BSD

What’s new in sudo and syslog-ng?

A BSD-specific view
D.bsd
Peter Czanik
Most people consider sudo and syslog-ng as old, small and stable utilities. Yes, they are from the ‘90s, but both are constantly evolving, gaining many interesting new features along the way. Peter, who is an evangelist for these two applications, shows you some of the most interesting new developments in both projects. By default, only basic functionality is enabled in FreeBSD ports, so we will also take a look at some of the extra features you can enable if you compile the packages yourself.
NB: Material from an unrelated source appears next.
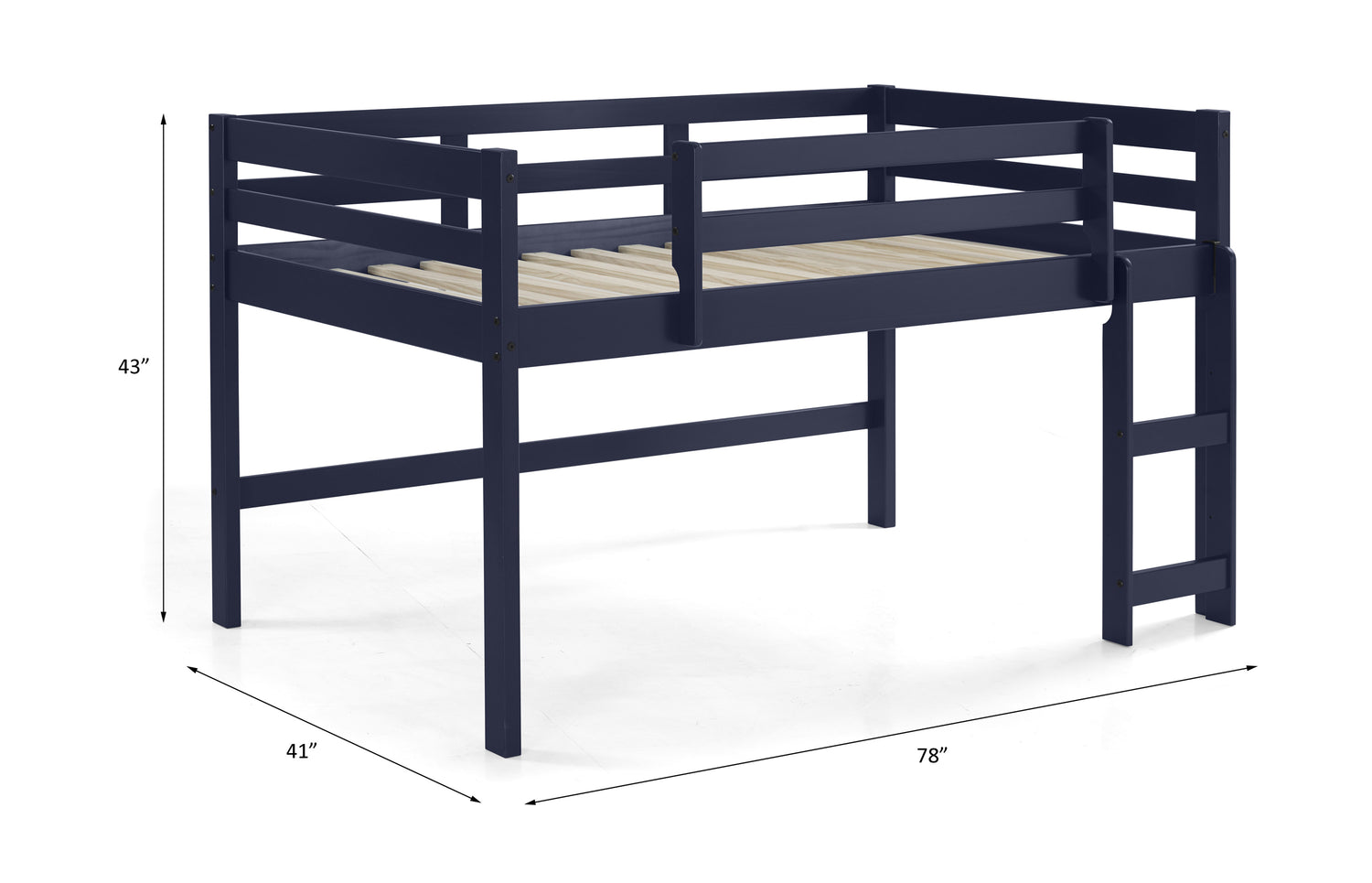 Flexible design with uncluttered, clean lines allows your children to unleash their creativity. Sturdy wooden frame with slat system keeps the mattress in place to provide a safe sleeping environment for kids. Spacious space underneath is extremely versatile for an extra bed, play space, or storage use. A reversible ladder is great for space configuration. Add some playful and creative ideas to Lara Twin Loft Bed for a one-of-a-kind kid's bedroom.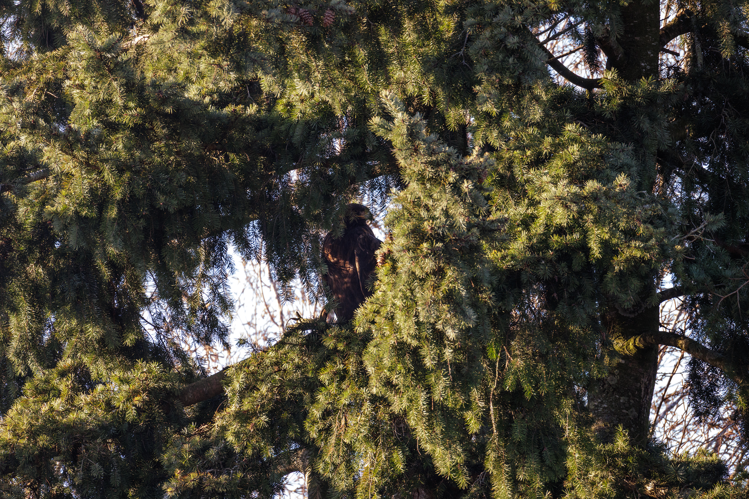 今日鸟况很好,记录了5种猛禽。还有白尾鹞抓蛇。只是金雕一直躲在浓密的松树里不出来。

On the syslog-ng side most people know that it can save incoming log messages to text files, and few are aware of the complete set of features this tool has. Syslog-ng has four major roles: collecting log messages, processing, filtering and storing them. There are many supported log sources and you can write your own in Python. Or another example: it can find credit card numbers in logs and remove them to comply with PCI-DSS. And syslog-ng can store logs not just to text files, but to databases, big data destinations, like Hadoop, or to Splunk or Elasticsearch as well. Sudo is mostly known as a prefix for administrative commands. Did you know that you can also record sessions, extend sudo with Python scripts and even analyze what is happening on the screen? Learn which of the above mentioned features are supported in FreeBSD ports (hint: all of them), which are enabled by default, and which features require you to recompile sudo or syslog-ng.